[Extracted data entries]

———

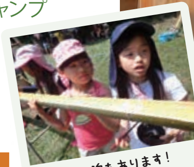
テント泊もあります!

東京からも3時間と比較的、近距離の赤城山のふもと、緑美しい赤城キャンプ場での3泊4日。そのうち1泊はテント泊体験を予定しています。赤城キャンプ名物のどろんこ遊びや竹を使った弓矢作りなどのクラフト(工作)、さらにはドラム缶風呂と山での生活を満喫します。また「キャンプソング」といわれる赤城キャンプ場ならではの歌も多く、キャンプサイトにはいつも素敵なハーモニーが響き渡ります。
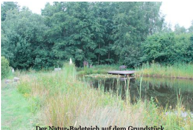
Der Natur-Badeteich auf dem Grundstück

Hierbei ist es möglich, dass der Präsenzkurs von der Krankenkasse bezuschusst wird.
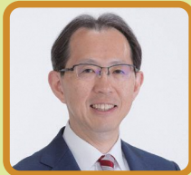
福島県知事 内堀 雅雄
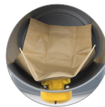
Sacchetto carta (optional)
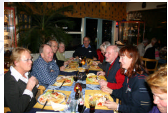
Genieten van de heerlijke maaltijd, verzorgd door de clubhuisbeheerders van WSV Almere-Haven
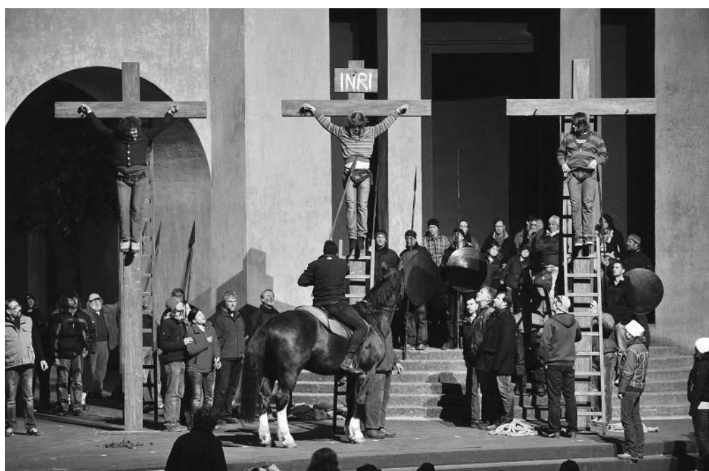
图：排练《耶稣受难剧》场景

按照传统的说法，从他们发誓的那一刻起，鼠疫就再也没有夺走当地人一条性命。第二年，欧伯阿梅高人开始履行他们的诺言，首度上演了《耶稣受难剧》。从此，他
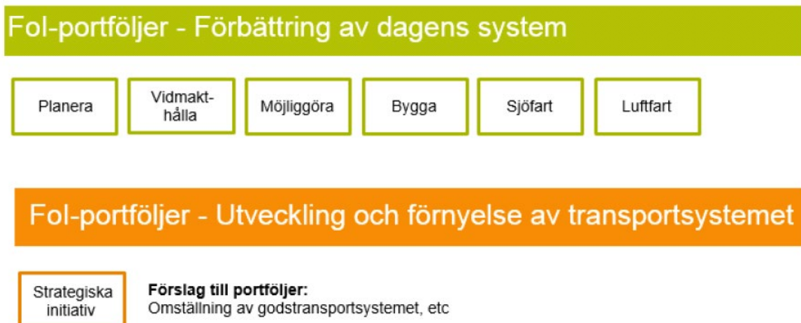
Figur 3 Trafikverkets Fol-portföljer (översikt från Trafikverkets dokument)

I Figur 3 redovisas Trafikverkets Fol-portföljer.
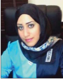
• حوراء الحبيب

معه وردعه من خلال حبسه، وغير ذلك لن نسمح به، لأن هؤلاء بشر جاؤوا ليكسبوا لقمة العيش بالحلال، لكن بعضهم يعتقد أننا في زمن العبودية، وأن هؤلاء جاؤوا ليهانوا.
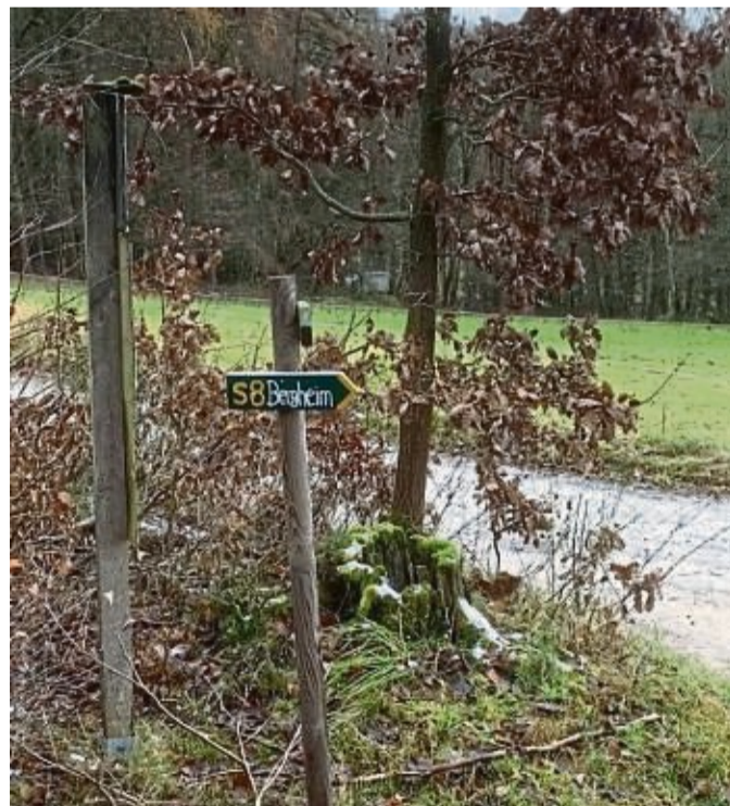
Alles neu zum Frühling: Die Wanderwege rund um Spangenberg wurden neu beschildert und markiert.

Peter Leiss und Fred Vockenroth vom Heimatverein Spangenberg haben sich auf den Weg gemacht und sind alle Wanderwege rund um Spangenberg abgelaufen, haben die Beschilderung erneuert und die GPX-Daten via ko-
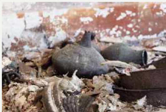
Artefatos de bronze em exposição na sala Pompeia. Coleção Imperatriz Teresa Cristina / Bronze artifacts on exhibition in the Pompeii room. Empress Teresa Cristina Collection.
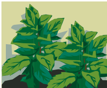
A plant with no flowers
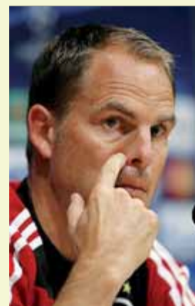
Frank de Boer

De Jong, que s'ha recuperat a temps d'una lesió. "Si no, no hauria viatjat a Barcelona amb l'equip", va remarcar De Boer, que va destacar la filosofia compartida entre els dos clubs però també la diferència en el potencial econòmic. Bona part de les preguntes al tècnic holandès van estar centrades en la seva etapa com a jugador blaugrana (1998-2003). "Tinc molt bons records de quan vaig jugar aquí. Barcelona és la meva segona ciutat",
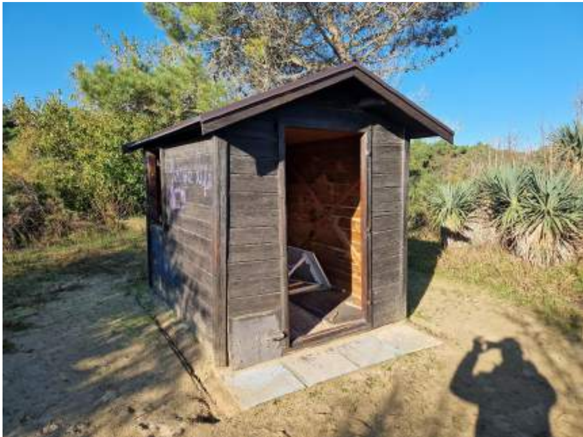
CAPANNO SENZA NUMERO
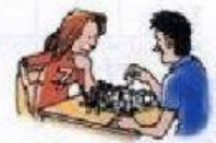
jugar al ajedrez
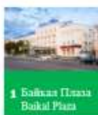
1 Байкал Плаза Baikal Plaza Официальная гостиница чемпионата
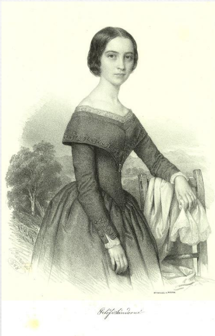
Barabás Miklós festménye
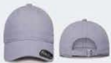
LAVANDA SKU: 19842-0700 UNITALLA
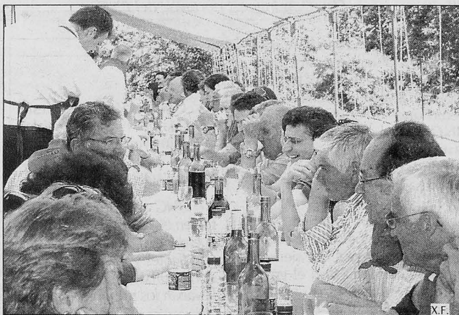
A la celebración acudieron más de 300 personas.
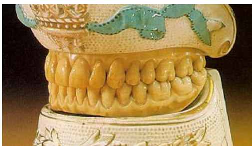
Figura 4.- Bases y dientes de porcelana en una sola pieza superior e inferior

Todo dependía del poder adquisitivo del individuo, y en dichos materiales para bases se engarzaba o incrustaban como mencionamos anteriormente, dientes de humanos, de carnero, tallados en marfil, apareciendo en Francia 1774, los primeros dientes de porcelana con éxito, tanto para coronas, puentes fijos y dentaduras completas (así como bases para dentaduras en porcelana, las cuales estuvieron muy de moda en el siglo XIX) (fig 4) fabricados por N. Dubois de Chemant reconocido como el inventor de la porcelana para uso dental 7 .
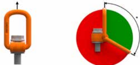
Bild 1: erlaubte Belastungsrichtungen die bei bestimmungsgemäßem Gebrauch auftreten können. *Ring darf die Last nicht berühren.

Belastung: Die Belastung darf nur in der vorgegebenen Richtung (Bild 1) mit der maximalen Tragfähigkeit lt. Tabelle 1 und unter Berücksichtigung der hier angegebenen Einsatzbedingungen erfolgen.
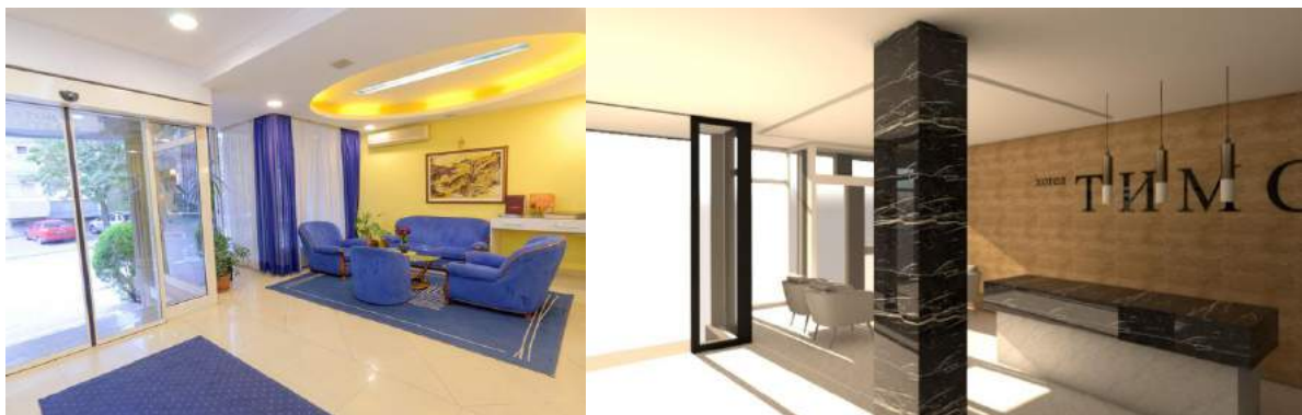
Лоби и рецепција –Гарнитура и столарија
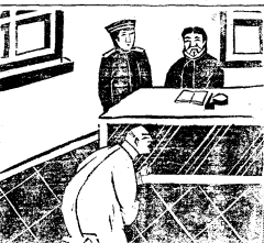
我們主人... 我們主人... 我們主人...

———

→ **How to complete this task**
Copy every line exactly, from the opening line of the entries down to the line holding "معه وردعه من", and keep the pictures out.

→ **Answer for this exercise**
テント泊もあります!

東京からも3時間と比較的、近距離の赤城山のふもと、緑美しい赤城キャンプ場での3泊4日。そのうち1泊はテント泊体験を予定しています。赤城キャンプ名物のどろんこ遊びや竹を使った弓矢作りなどのクラフト(工作)、さらにはドラム缶風呂と山での生活を満喫します。また「キャンプソング」といわれる赤城キャンプ場ならではの歌も多く、キャンプサイトにはいつも素敵なハーモニーが響き渡ります。
Der Natur-Badeteich auf dem Grundstück

Hierbei ist es möglich, dass der Präsenzkurs von der Krankenkasse bezuschusst wird.
福島県知事 内堀 雅雄
Sacchetto carta (optional)
Genieten van de heerlijke maaltijd, verzorgd door de clubhuisbeheerders van WSV Almere-Haven
图：排练《耶稣受难剧》场景

按照传统的说法，从他们发誓的那一刻起，鼠疫就再也没有夺走当地人一条性命。第二年，欧伯阿梅高人开始履行他们的诺言，首度上演了《耶稣受难剧》。从此，他
Figur 3 Trafikverkets Fol-portföljer (översikt från Trafikverkets dokument)

I Figur 3 redovisas Trafikverkets Fol-portföljer.
• حوراء الحبيب

معه وردعه من خلال حبسه، وغير ذلك لن نسمح به، لأن هؤلاء بشر جاؤوا ليكسبوا لقمة العيش بالحلال، لكن بعضهم يعتقد أننا في زمن العبودية، وأن هؤلاء جاؤوا ليهانوا.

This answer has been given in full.